• Activity:
In the records below, find the line with "2025镂空针织开衫女V领洋气长袖上衣时尚洋气外套宽松休闲外搭潮", then copy each line exactly until you have copied the line with "La Institució Alfons". Leave any picture out.

• Data for this task:
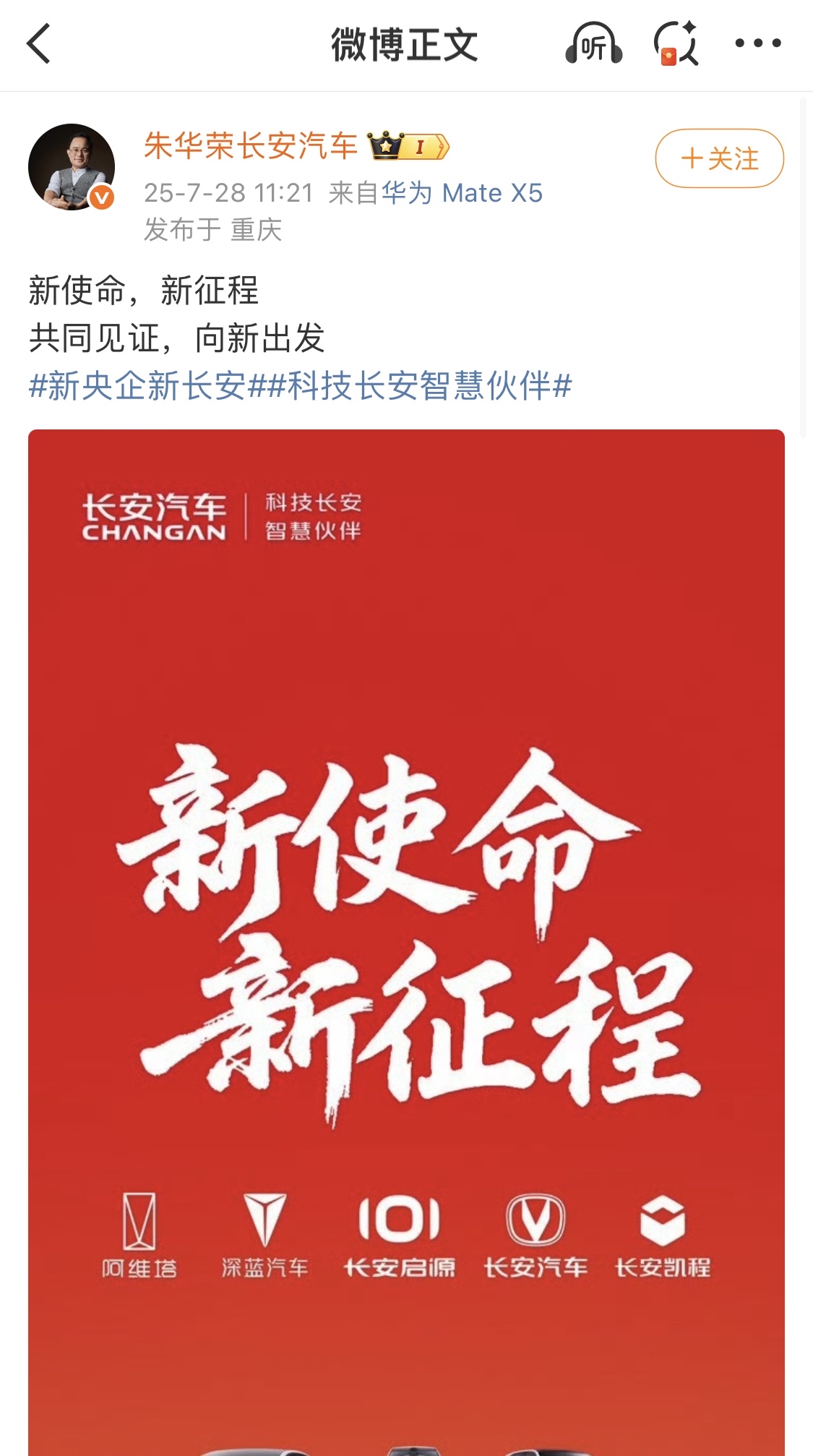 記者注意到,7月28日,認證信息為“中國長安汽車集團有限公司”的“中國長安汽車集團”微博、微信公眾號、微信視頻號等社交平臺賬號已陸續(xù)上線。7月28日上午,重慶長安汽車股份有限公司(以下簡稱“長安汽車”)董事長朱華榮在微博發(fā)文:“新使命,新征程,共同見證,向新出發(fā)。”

* * *

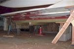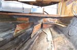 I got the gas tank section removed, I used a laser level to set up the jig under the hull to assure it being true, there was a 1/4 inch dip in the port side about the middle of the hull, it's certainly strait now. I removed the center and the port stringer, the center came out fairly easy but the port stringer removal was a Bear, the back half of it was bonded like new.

--

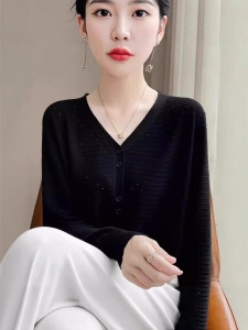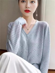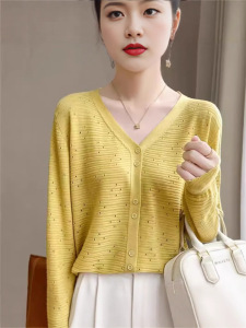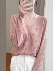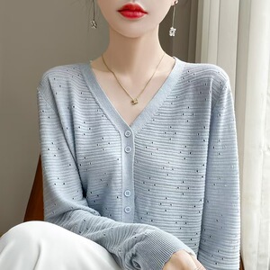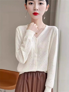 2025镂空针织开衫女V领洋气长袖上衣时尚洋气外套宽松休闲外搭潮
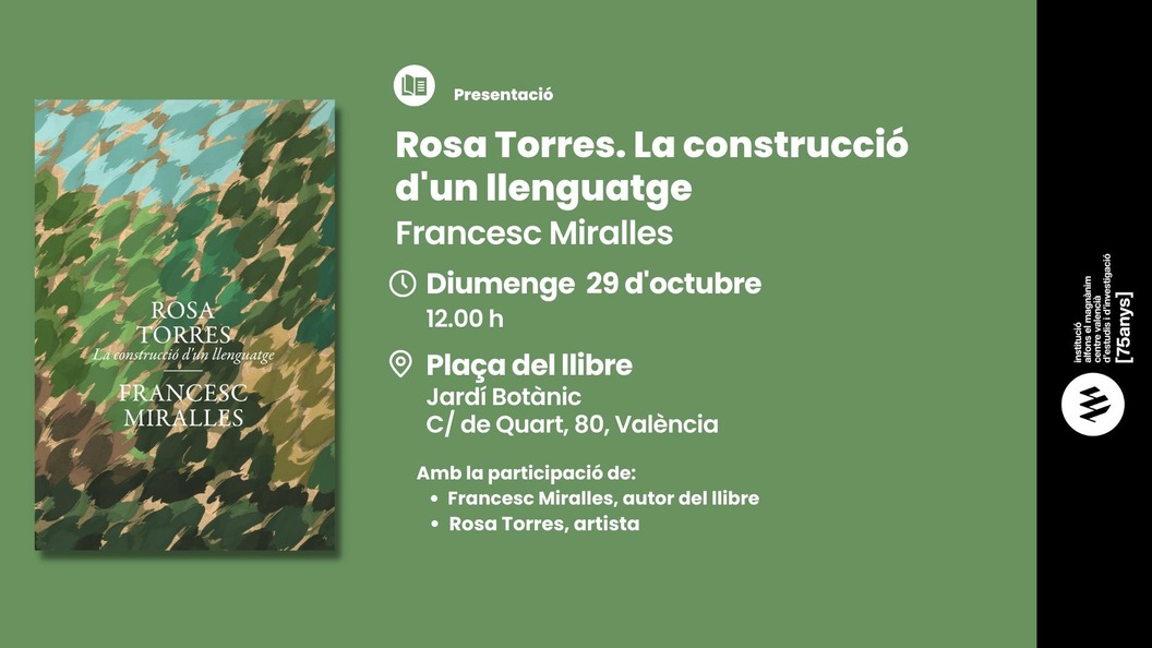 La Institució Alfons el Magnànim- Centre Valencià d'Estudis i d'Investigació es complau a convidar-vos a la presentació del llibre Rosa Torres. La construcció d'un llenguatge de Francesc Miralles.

• Output of the task:
 2025镂空针织开衫女V领洋气长袖上衣时尚洋气外套宽松休闲外搭潮
 La Institució Alfons el Magnànim- Centre Valencià d'Estudis i d'Investigació es complau a convidar-vos a la presentació del llibre Rosa Torres. La construcció d'un llenguatge de Francesc Miralles.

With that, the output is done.